現在では,医療機器の進歩も相見えて,良性疾患のみではなく低悪性度腫瘍においても,膵機能や臓器を温存する術式が行われるようになった。筆者らの施設では,1990年より13Cトリオクタノイン呼気試験を行い,膵切除後の膵機能を評価し,定型的な膵切除術に比して各種臓器・機能温存術式の有用性を示した。頭部病変では十二指腸や胆管を温存する十二指腸温存膵頭切除術1),体部病変では頭部と尾部を温存する膵中央切除術2),頭部や尾部に離れて存在する病変では体部のみを温存する中央区域温存膵切除術3)などの術式を施行している。
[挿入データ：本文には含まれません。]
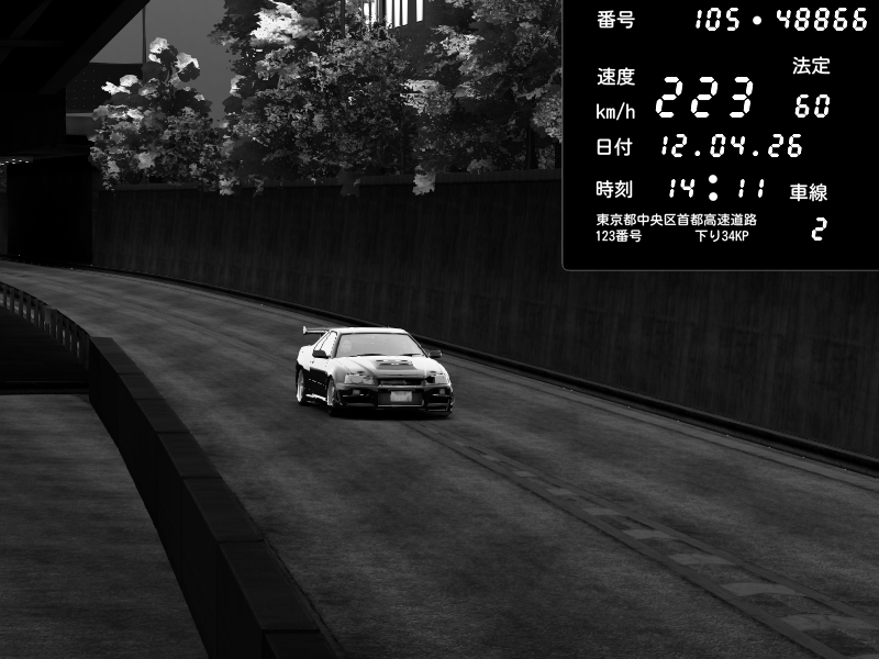 | 2026/04/12 22:58 | C1外回り 新富町 | 191 / 60 km/h | Kurokabe/S.R.C | Nissan Skyline GT-R R34 Nismo Omori Factory S1 | CAPTURE |
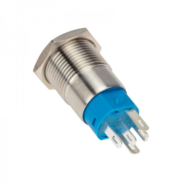 Кнопка антивандальная Ø16 250В Б/Фикс (2с) ON-OFF красная КОЛОКОЛ предназначена для коммутации электрических цепей напряжением до 250В путем включения-выключения питающего провода. Металлические кнопки применяются в местах, где существует большой риск их повреждения (на различных производственных линиях, в лифтовых кабинах, около входной двери и т.д.), а также для декоративного оформления панелей управления. Главными отличительными особенностями такой кнопки являются металлическое исполнение и неуязвимость контактной группы, что обеспечит ей долговечное функционирование. Изделие состоит из двух основных частей - лицевой части (головки) и контактной, и имеет пружинный возвратный механизм. Монтаж осуществляется без применения винтов на плоских панелях толщиной от 0.5мм до 10мм. Подключение проводов осуществляется с помощью винтовых зажимов, пайки или разъемом.
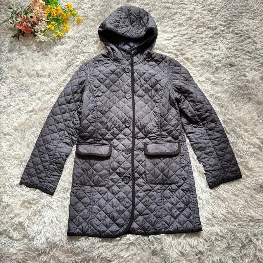 • 새상품급 라벤햄 보아 안감 후드 퀼팅 코트 롱 현행 택 34
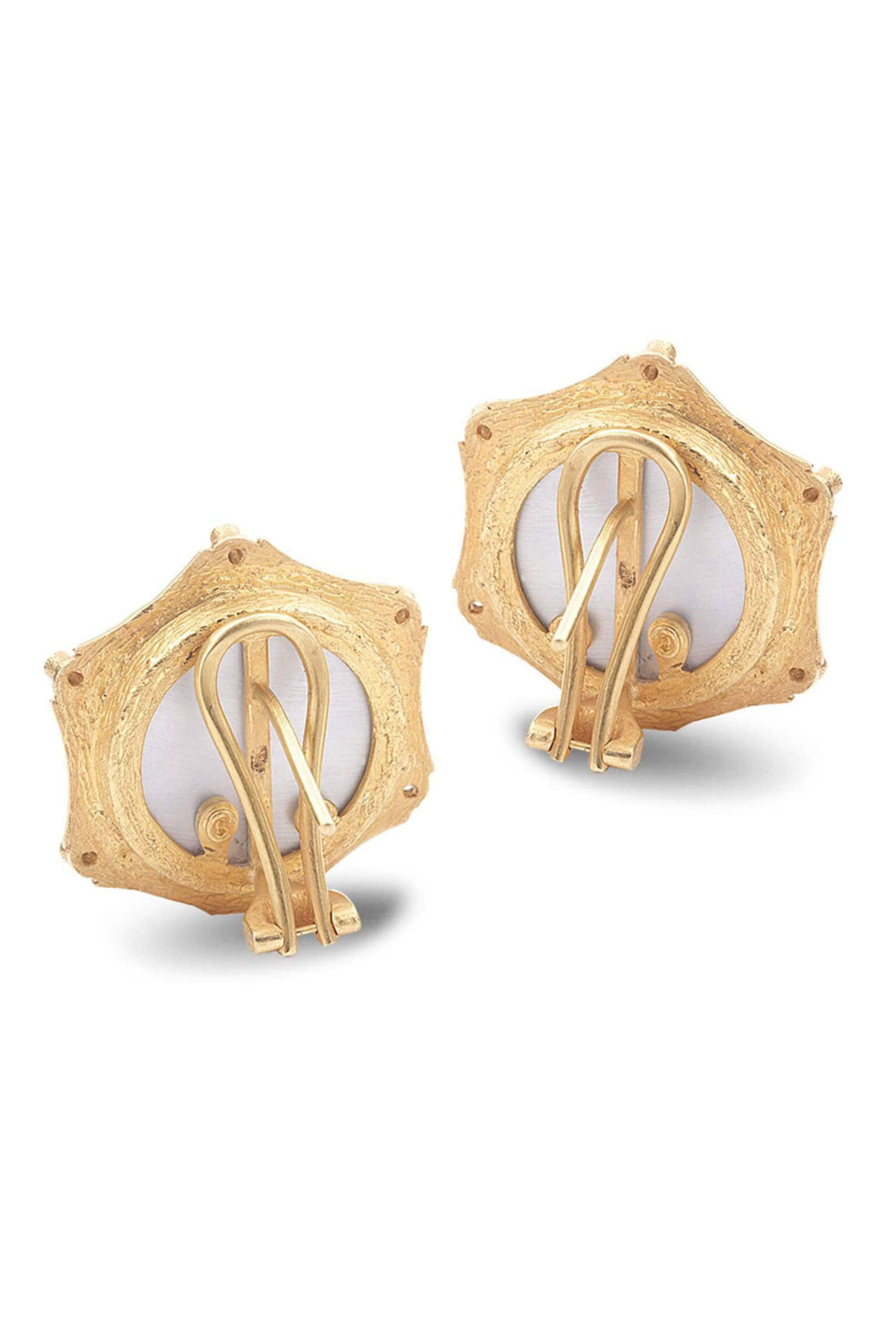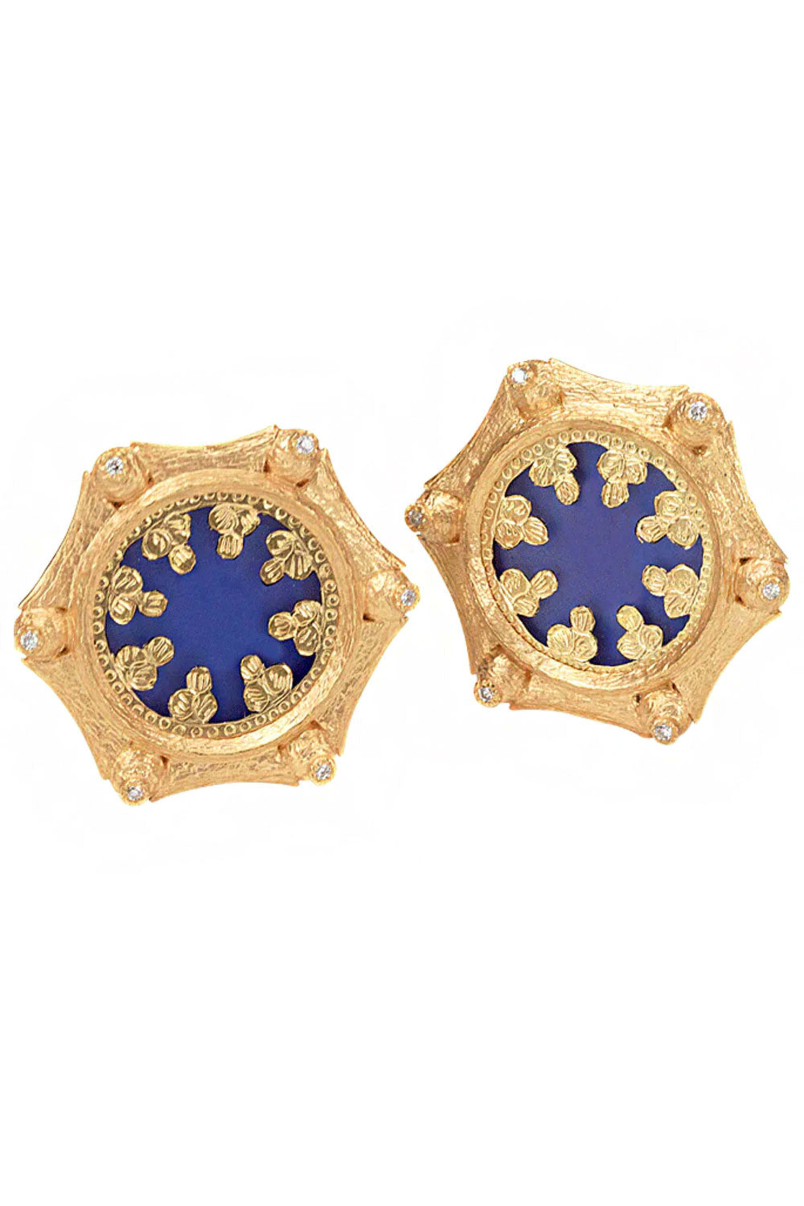 Coomi Thewa Blue Glass and Diamond Earrings. 20k gold. Diamond. Mother of pearl. Blue glass. 1 L. Push back with clasps.

膵切除後には各種の重篤な合併症が懸念されるが,術直後だけでなく,長期的な合併症に目を向け,QOLを重視した体に優しい膵切除術が望まれる。
【文献】
1) Horiguchi A, et al:J Hepatobiliary Pancreat Sci. 2010;17(6):792-7.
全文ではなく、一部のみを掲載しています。